Ноли продолжала свешиваться из открытого окна в жажде уловить, о чём именно наша перебранка с Элей, — так ей показалось.
— Не слишком ли ты распустилась, орёшь по ночам и ставишь себя вровень с госпожой? — спросила Ноли. — Не слишком ли много воли вы ей дали, госпожа Нэя? Госпожа Лата так и говорит, что у нас разболтанная трудовая дисциплина. Не пора ли нам обзавестись плёткой, как у хупов, чтобы приводить иных бездельниц к порядку? А вы думаете, госпожа, что все спят на своих местах? Не так! Пройдитесь по комнатам, там половина постелей пуста! — она решила таким вот способом поддержать меня, а вовсе не поучала. Такого она и в голове не держала.
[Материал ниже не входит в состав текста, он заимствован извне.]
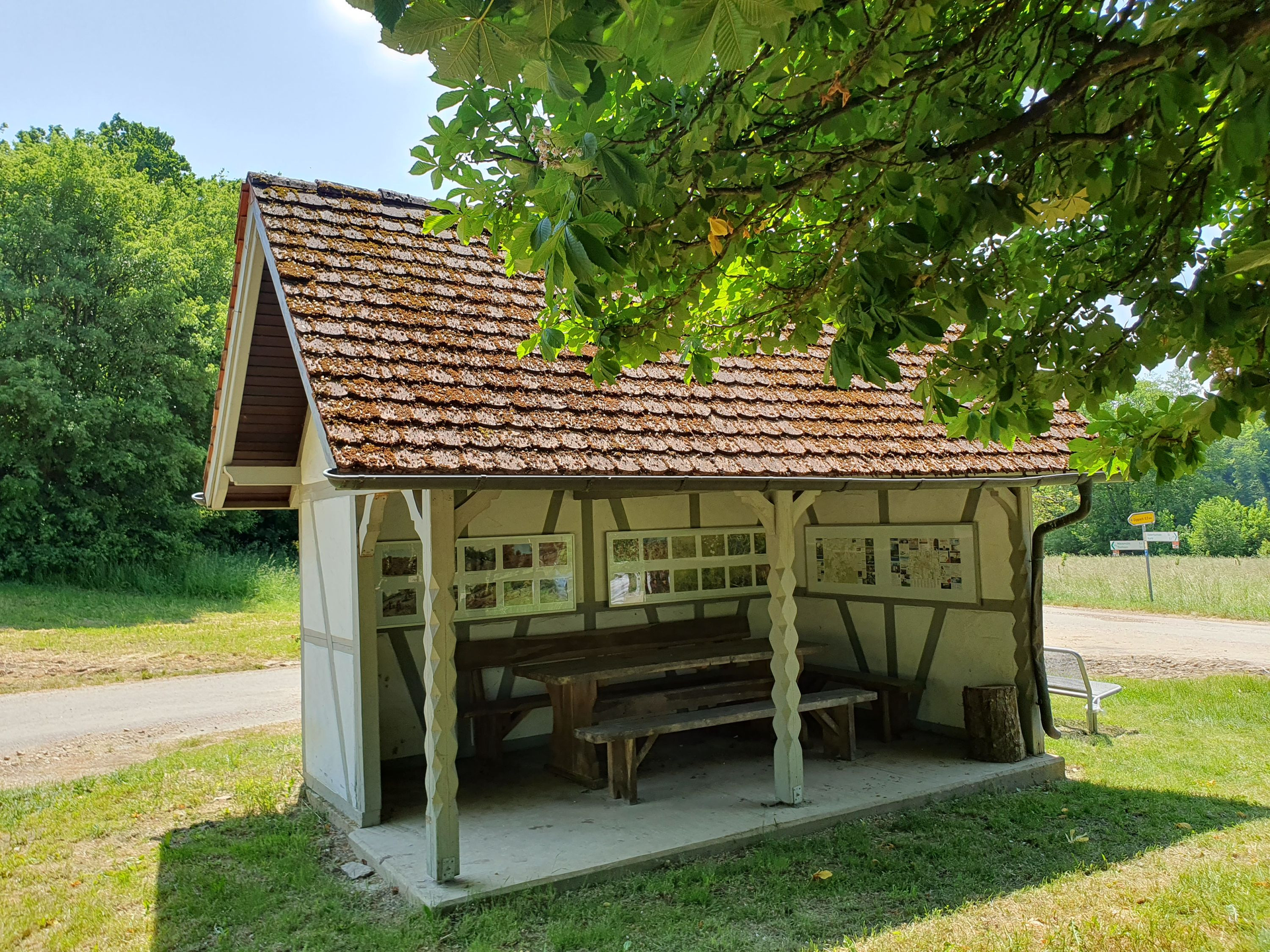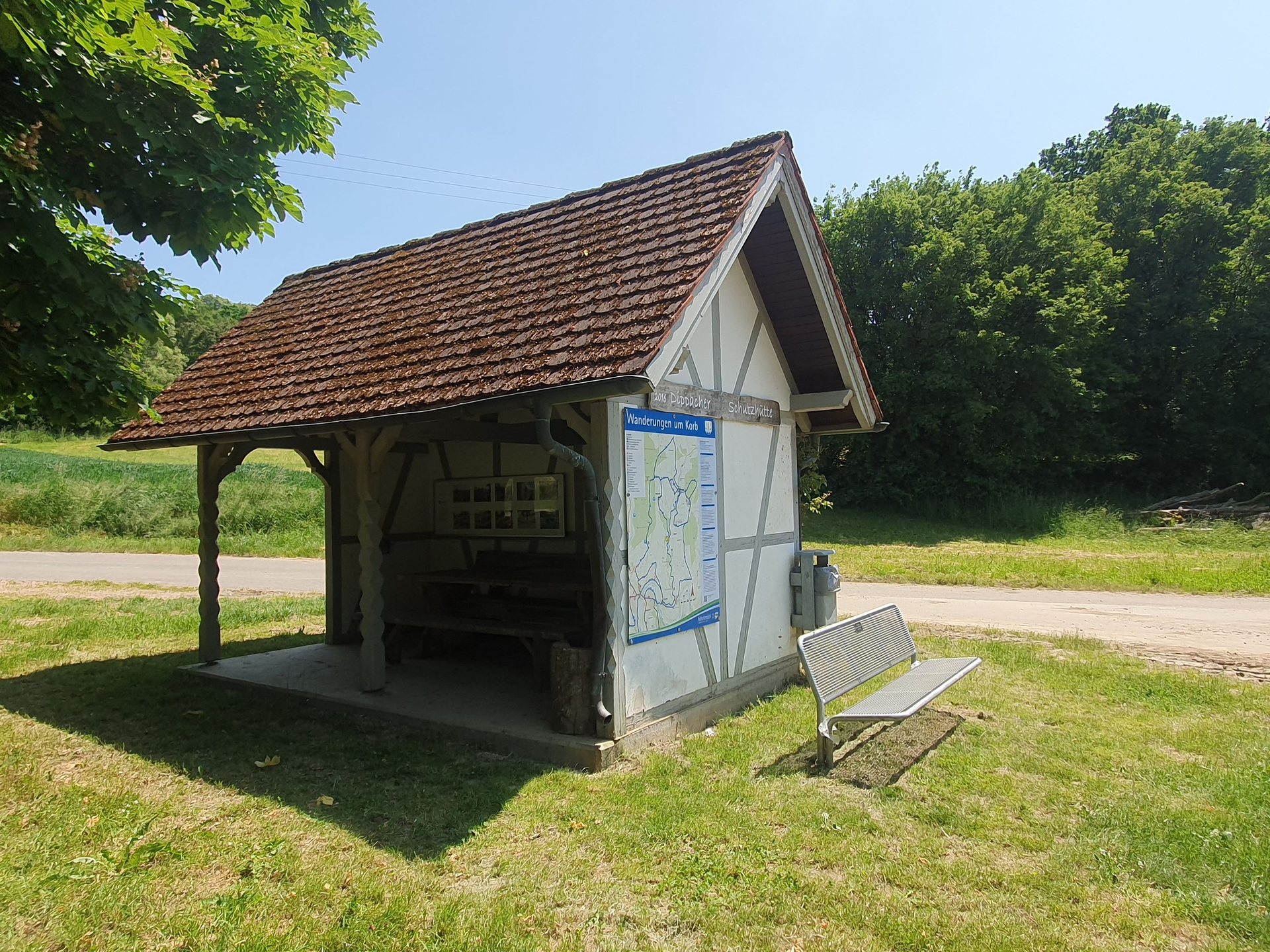 Ungefähr auf halber Strecke bietet die Dippacher Schutzhütte mit Tisch und Bänken einen beschaulichen Rastplatz und einen trockenen Unterstand bei spontanen Regengüssen.
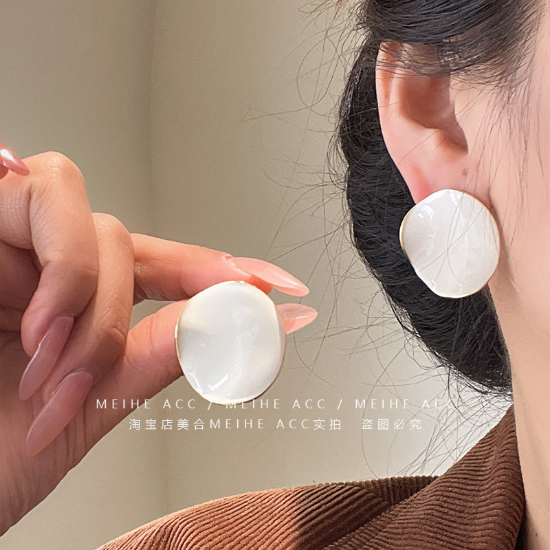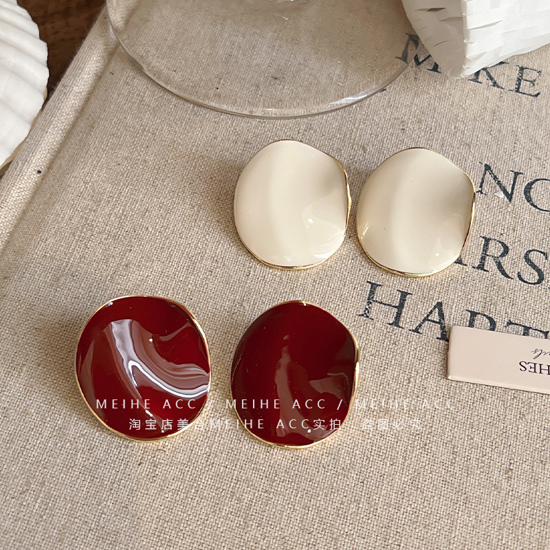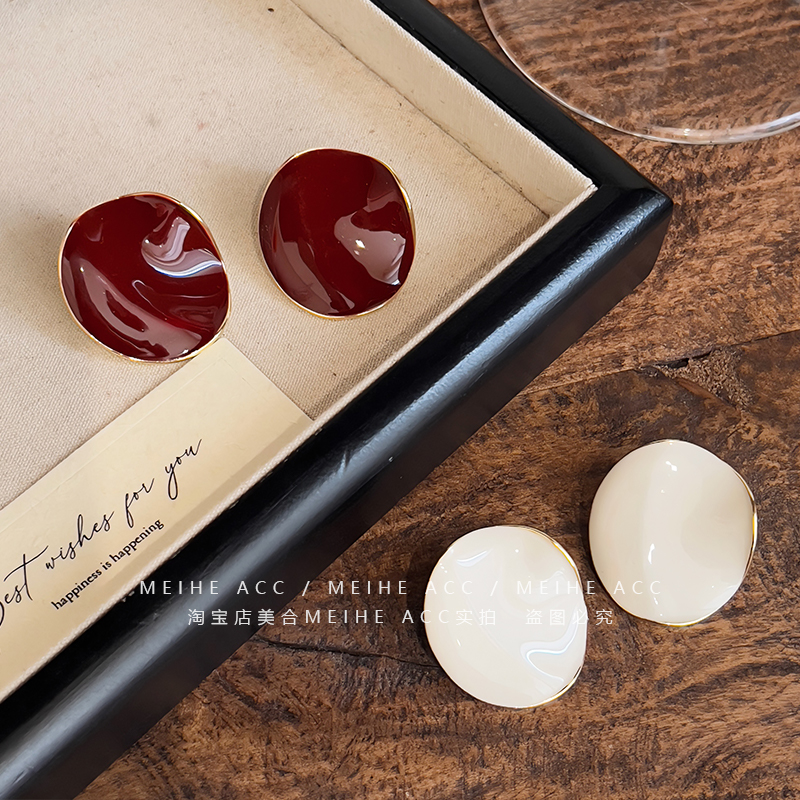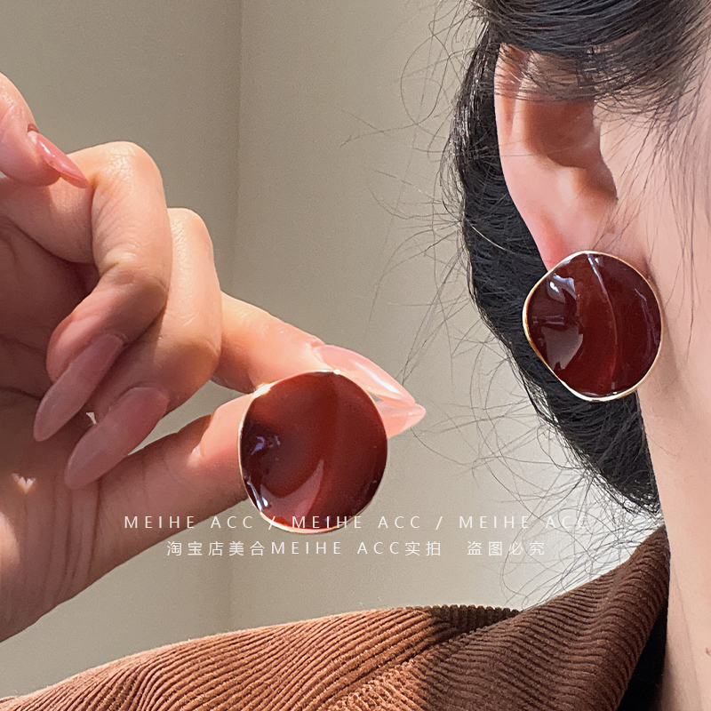 酒红梦屿~法式复古夸张大几何圆形滴油耳钉百搭优雅气质耳饰个性
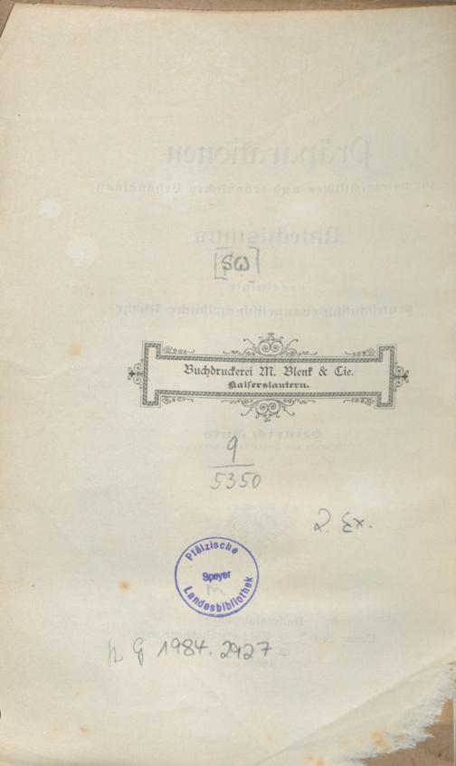 Präparationen zur unterrichtlichen und erbaulichen Behandlung des Katechismus für die vereinigte protestantisch-evangelisch-christliche Kirche der Pfalz / von Heinrich Guth
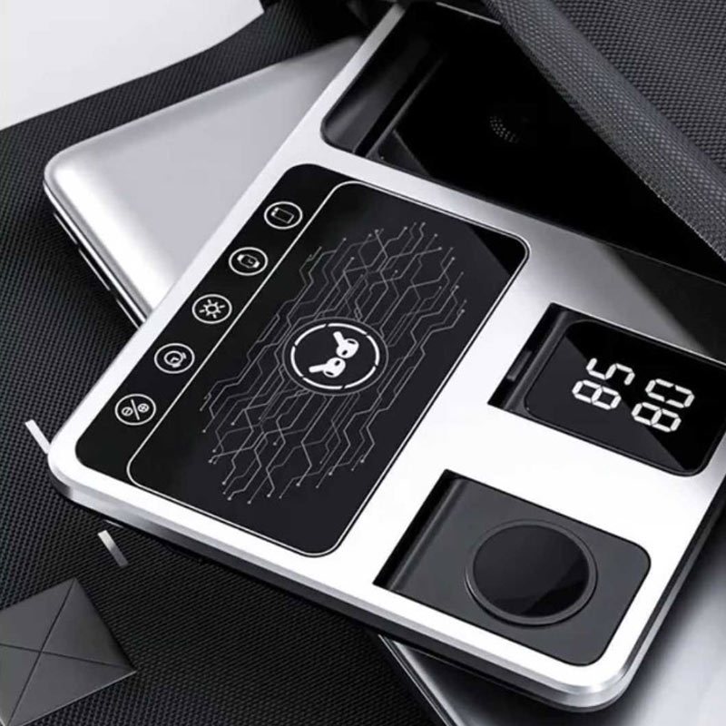 مجهز به سه عدد خروجی از نوع پد شارژ وایرلس مناسب برای شارژ همزمان گوشی، کیس شارژ ایرپاد و ساعت هوشمند
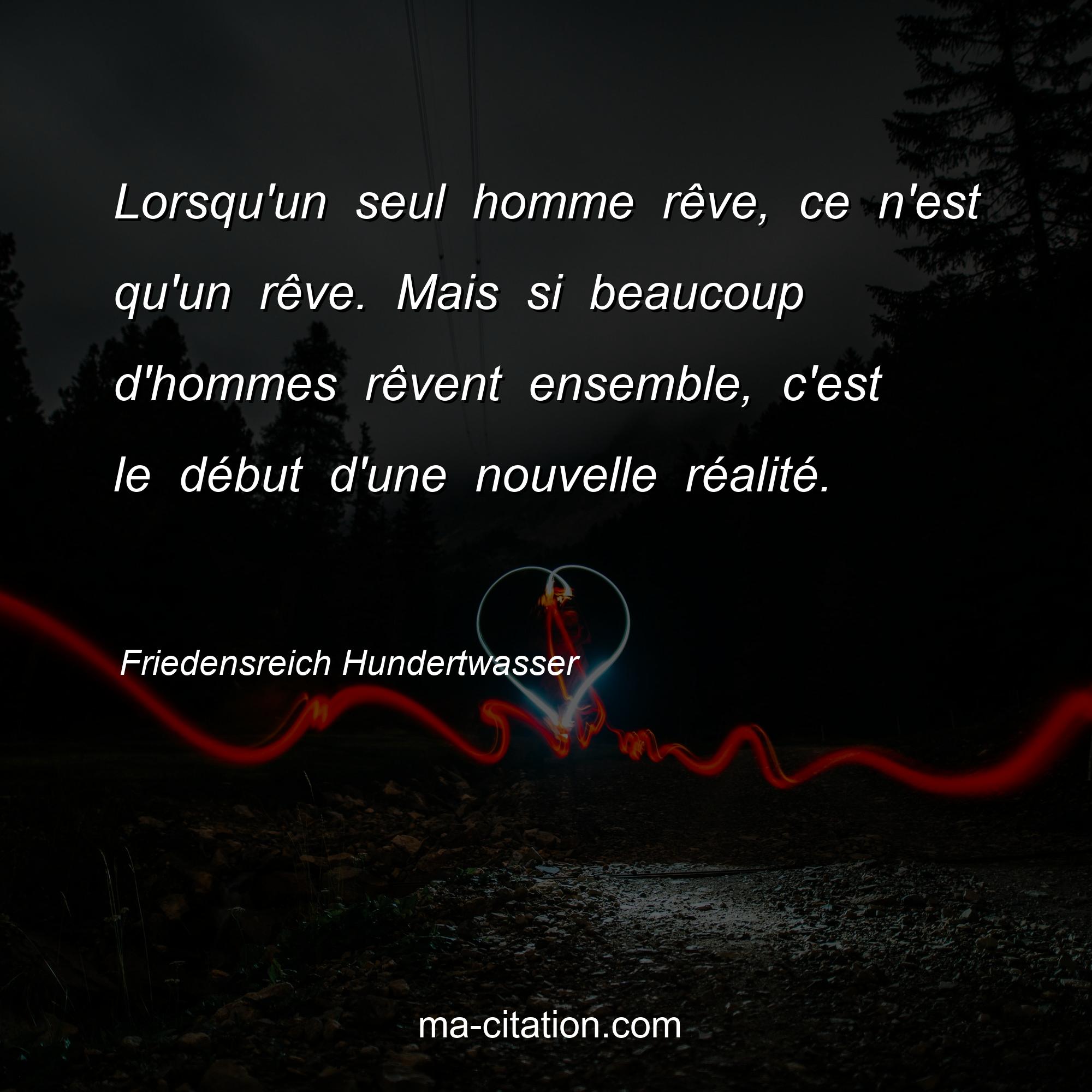 Friedensreich Hundertwasser est l'auteur de la citation sur la motivation "Lorsqu'un seul homme rêve, ce n'est qu'un rêve. Mais si beaucoup d'hommes rêvent ensemble, c'est le début d'une nouvelle réalité.

Я строго приказала ей исчезнуть с глаз долой. Она сгинула, проявив послушание, надеясь на мою милость с назначением её на должность, но окно не закрыла. Я была уверена, что она так и стоит сбоку от окна, продолжая подслушивать.
— Следит за порядком, — прокомментировала Эля. — Как думаешь, не построить ли ей будку у наших ворот? Отменная чуткость ко всякому ночному шороху… — тут Эля замялась, не желая выдать то, что и без того не являлось для меня тайной. Эля зачастую возвращалась в «Мечту» уже ранним утром, крадучись и без обуви пробираясь в свой закуток. Но я знала, что некоторые из девушек возвращаются ещё позже! Ловко и незаметно пробираясь на свои рабочие места, они делали вид, что никуда не отлучались ночью.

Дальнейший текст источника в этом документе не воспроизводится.